These six bum exercises will work all three of the bottom or ‘gluteal’ muscles — the gluteus maximus, medius and minimus — to make your rear end firmer and shapelier.
Although the glutes work as a ‘team’, they all perform slightly different roles in terms of the movements they enable. For example, exercises in which you lie on your side and lift your leg will work the minimus and medius, but you need to externally rotate the hip to bring in the maximus.
Equally, the medius and minimus work hard to keep the pelvis stable during walking, but the hip doesn’t extend far enough behind the body to involve the glute maximus. However, running, hopping, stepping or skipping — where weight is transferred explosively from one leg to the other will work a treat.
Alongside these toning and strengthening exercises, you are going to need to step up your cardio, in order to burn extra calories and ensure your newly honed and toned bottom isn’t buried under a layer of blubber!
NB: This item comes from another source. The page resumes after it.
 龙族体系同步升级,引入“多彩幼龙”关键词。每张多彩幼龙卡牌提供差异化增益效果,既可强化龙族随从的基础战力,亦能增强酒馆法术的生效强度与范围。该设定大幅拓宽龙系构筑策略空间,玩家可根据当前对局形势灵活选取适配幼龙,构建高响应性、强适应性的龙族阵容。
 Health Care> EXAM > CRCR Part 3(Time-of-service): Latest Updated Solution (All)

So here’s the exercise plan …
- Aim to do the bum workout three to four times a week, and use the alternate days to do 30 to 60 minutes of aerobic exercise.
- See the box below for some ‘kick ass' cardio ideas.
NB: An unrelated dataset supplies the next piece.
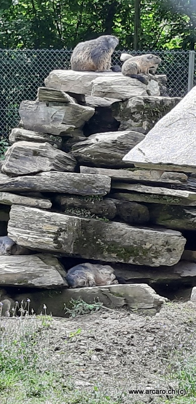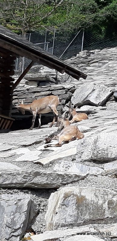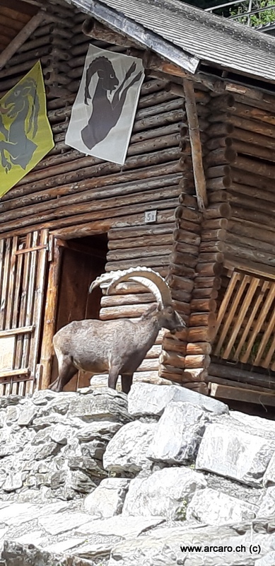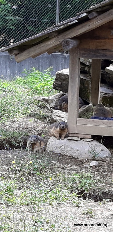 Nach einem Stadtbummel besuchen wir den Alpenwildpark in Interlaken. Er ist etwas versteckt bei der Talstation der Harder-Kulm-Bahn. Einfach die Ausgangstreppe der Harder-Bahn hinaufsteigen und beim Ausgang weiter den kleinen Waldweg benutzen. Nach 5 Minuten erreicht man den kleinen Alpenwildpark mit Murmeltieren und Steinböcken.

- Ensure you take one day off completely a week. In week one, perform the exercises with no weight, to get a feel for correct technique and gear your glutes up for action.
- Aim for three sets of ten of each double-legged exercise and two sets on each side for single leg exercises. In week two, add enough resistance to enable you to do eight to 12 repetitions at a level where you feel you couldn’t continue by the end of each set. Remember to rest for a minute between sets.
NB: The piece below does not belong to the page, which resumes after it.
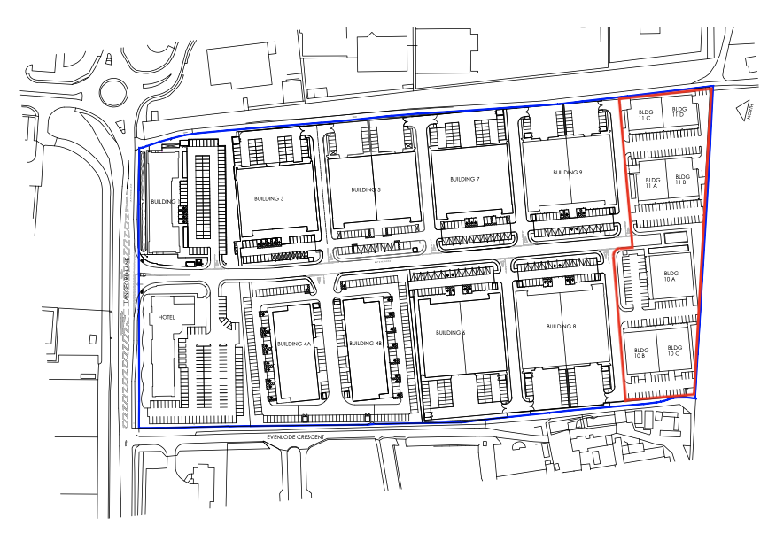While the overall quantum of approved development remains effectively unchanged, the updated plans allow Buildings 10 and 11 to be redesigned as four standalone units, which are subdivided into seven smaller units, each separated by internal parking, rather than two larger buildings originally envisaged. This provides greater flexibility for incoming occupiers seeking a range of unit sizes.

- As soon as you feel comfortable with the weight, repetitions and sets you are performing, it’s time to up the ante don’t settle into a comfort zone. Provided you keep challenging your muscles, and work up a sweat in your cardio exercise, you can expect to be making a very grand exit eight weeks from now!
The squat exercise
Stand with feet eight to 12 inches (roughly 30cm) apart, arms across the chest and hands on opposite shoulders. Take your weight back into your heels and lower your body by bending the legs, leading with the bottom, and with knees directly over the middle toes. Aim to lower to 90 degrees. Pause for a moment, then raise yourself back up and repeat.
To progress:
Use a weighted bar across the fleshy part of your upper back, or a dumbbell in each hand, with arms at your sides, to add overload. Suggested starter weight: 10kg.
Side lying leg raise

Knee drive exercise
Stand with one foot on a step or stair, knee bent, and the other foot on the floor behind you, in a lunge position. Drive up onto the front foot, bringing the back knee up towards your chest, using your arms in an opposite action (as if you were power walking). Come right up on to the ball of your foot, pause, then go straight back down into a lunge position. Repeat all repetitions and then change sides.
To progress:
Add an element of power by allowing the supporting foot to leave the floor altogether as you drive up with the other leg.

Prone lift exercise
Lie on your tummy with forehead resting on hands, legs outstretched and tummy gently contracted. Bend your knee to 90 degrees and then squeezing both buttocks, lift the right knee a couple of inches from the floor. Don’t arch the back or rotate the leg. Pause lower and repeat all repetitions before changing sides.

To progress: Increase the range of motion by performing the exercise on all fours. Keep your back straight and tummy contracted. Start with the knee drawn in towards the chest and then keeping it bent, extend the hip as far as you can without arching the back. When you can perform this comfortably, add ankle weights.
Lunge exercise


External rotation with resistance
‘Kick-ass’ cardio!
- Step machine: 380 calories in 40 minutes
- Step class: 635 calories in an hour (providing step is at least 10 inches high)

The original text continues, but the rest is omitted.